Textbooks which cover causal inference such as Wasserman, Cunningham and Morgan and Winship present two formalisms for analyzing causal relationships from observational data: potential outcomes notation and directed acyclic graphs. These books state that the formalisms can be shown to be equivalent. But the connection between potential outcomes and DAGs is pretty counterintuitive, as DAGs and potential outcomes appear quite different.

So I was excited when I found an exercise from Wasserman which gives a nice example of a how to express a binary treatment and binary outcome using both formalisms.
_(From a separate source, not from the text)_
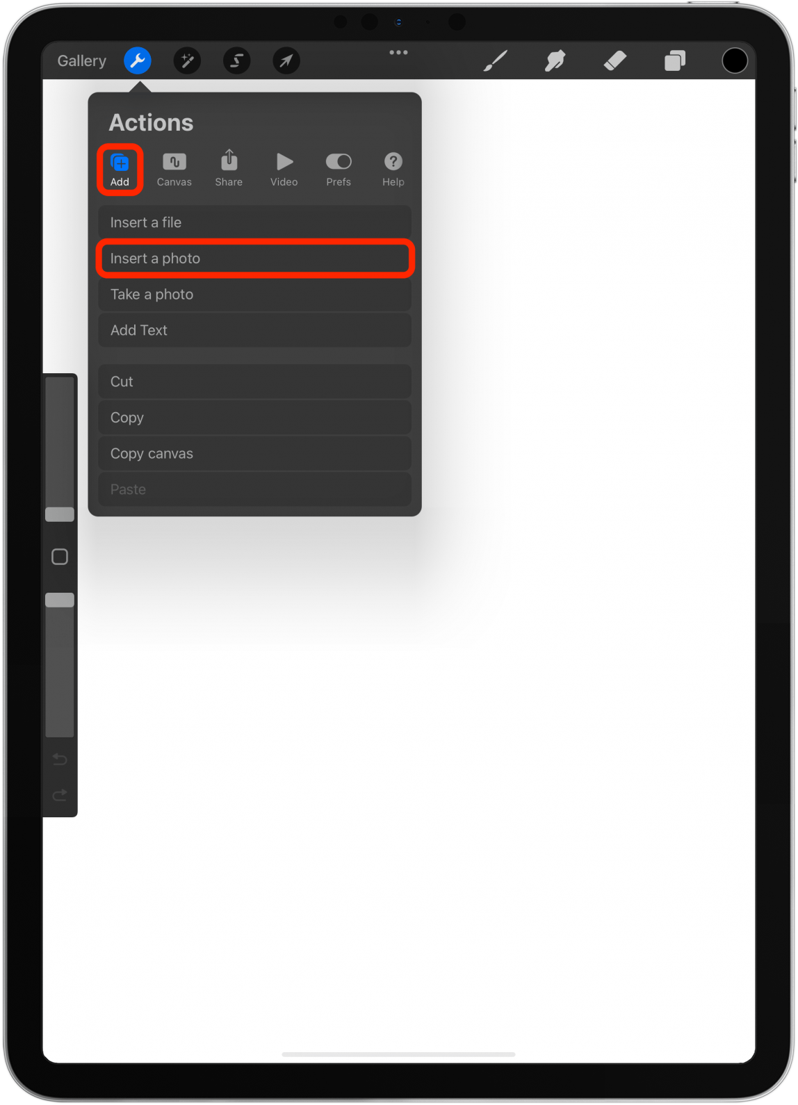 - 我發現通過描摹現有的藝術品或照片來繪畫是最簡單的。要插入圖像,請點擊扳手圖標。
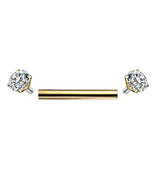 Gold PVD Double Round CZ Prong Set Stainless Steel Barbell

This blog post reviews the example, which I found very eye-opening. I assume you already know a little bit about DAGs and potential outcomes, and want to gain intuition for why they are equivalent. See the end of Chapter 17 in Wasserman for the original exercise.

Potential outcomes

Potential outcomes notation introduces a variable \(C_0\) to show the outcome \(Y\) when a subject is treated and a variable \(C_1\) to show the outcome when a subject is not treated. In a real observational experiment, you only get to see one outcome \(Y\) for a given subject (e.g. the value of \(C_1\) if the subject is treated). But potential outcomes gives a way to express what would have happened if a treated subject had not been treated (and vice versa).
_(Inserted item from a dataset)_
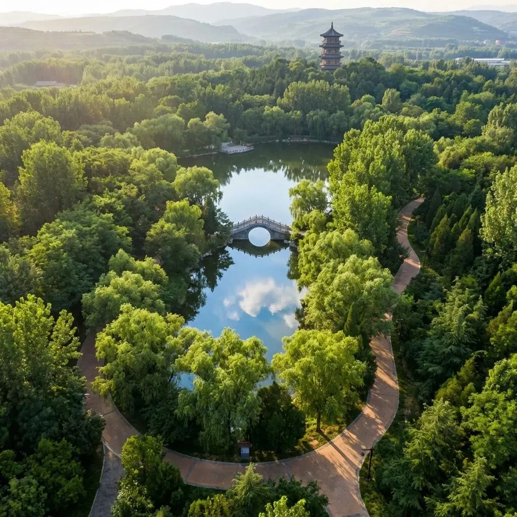 它没有晋祠的喧嚣,也没有古县城的商业化,只有纯粹的树木、湖泊和鸟鸣。

In this problem, we will assume a binary treatment and binary outcome. So \(X \in \{0, 1\}\) and \(Y \in \{0, 1\}\). \(X=1\) indicates treatment and \(Y=1\) indicates a positive outcome. For example, \(X\) might represent a medical procedure and \(Y\) may represent patient survival.

Using potential outcomes, we have the following expression for \(Y\):

\[Y = \begin{cases} C_0, & \text{if } X=0 \\ C_1, & \text{if } X=1. \end{cases}.\]

For example, \(Y\) gets \(C_1\) if \(X=1\).

Wasserman then defines the following four groups, based on how members of different groups respond to treatment. For instance, survivors will be OK regardless of if they are treated and antiresponders will get worse when treated.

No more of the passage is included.